Why Is Saturated Steam Important in Factories and Facilities? What Is The Main Reason?

Then, why is saturated steam so highly valued in the industrial sector? The reason is that when things are heated with the heat of steam, since the heat is applied quickly and evenly, the quality and productivity are improved. This allows for uniform processing and sterilization.

Another reason why saturated steam is utilized in the industry is that it is easy to control the temperature and pressure. Since once the temperature is determined, the pressure is also determined, and vice versa, it is easy to achieve the desired pressure or temperature by adjusting the temperature and pressure.

Furthermore, using water makes it possible to keep the costs lower and it also has the advantage of being safe. Since steam has a higher heat transfer coefficient than the liquid state (water), it is possible to reduce the heat transfer surface area when increasing the heat. As a result, investments in the facilities can also be kept down.

Three Key Points for Effectively Using Saturated Steam in The Industrial Field

Saturated steam has many advantages including the following three key points:

It is necessary to understand the above three points to utilize the steam effectively in the industrial sector.

The first point, as mentioned in the previous section, is that it is important to efficiently control and supply steam under the appropriate conditions (temperature and pressure) to various devices that use steam. For example, in order to maintain a constant temperature, it is necessary to use a device called a "pressure reducing valve" to keep the pressure of fluctuating saturated steam constant.

Additionally, regarding the second point, it is required to supply high-quality steam in order to prevent problems such as equipment damage, vibration, and noise. When saturated steam cools down, it turns back into hot water (called "drain water"), but if it remains in the equipment such as piping or heat exchangers, it can interfere with heating or cause a phenomenon known as "water hammer", which can pose a risk of damaging the equipment. Therefore, it is necessary to properly drain the drain water.

The third point is related to the accuracy of flow measurement, measurement range, ease of installation, and maintainability. Flow measurement is also important from the perspective of energy saving. It is necessary to understand the state of the steam and take action if a leak from a pipe or other source is found.

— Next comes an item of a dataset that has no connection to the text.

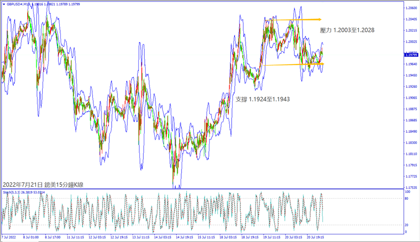 日級別線圖,近三天皆留長上影線,1.2000關口沖不過,可能轉跌;15分鐘K線,短線區間震盪,一旦跌破盤整底部,大有可能下探支撐。

In terms of operation, until now, since it was necessary for installing a steam flow meter to cut the piping and temporarily shutting down the equipment, it was usually installed during equipment upgrades or modifications. Therefore, there is a need for a mechanism that allows flow meters to be easily installed at any time.

What Are The Main Methods of Flow Meters Used in Steam Measurement?

Among the three points mentioned earlier, the particularly important point is the measurement of steam flow rate. If it is possible to "visualize" the state of the steam flow rate, it can lead to energy savings and cost reductions. That’s why a device called the "steam flow meter" is used to measure the flow rate of steam.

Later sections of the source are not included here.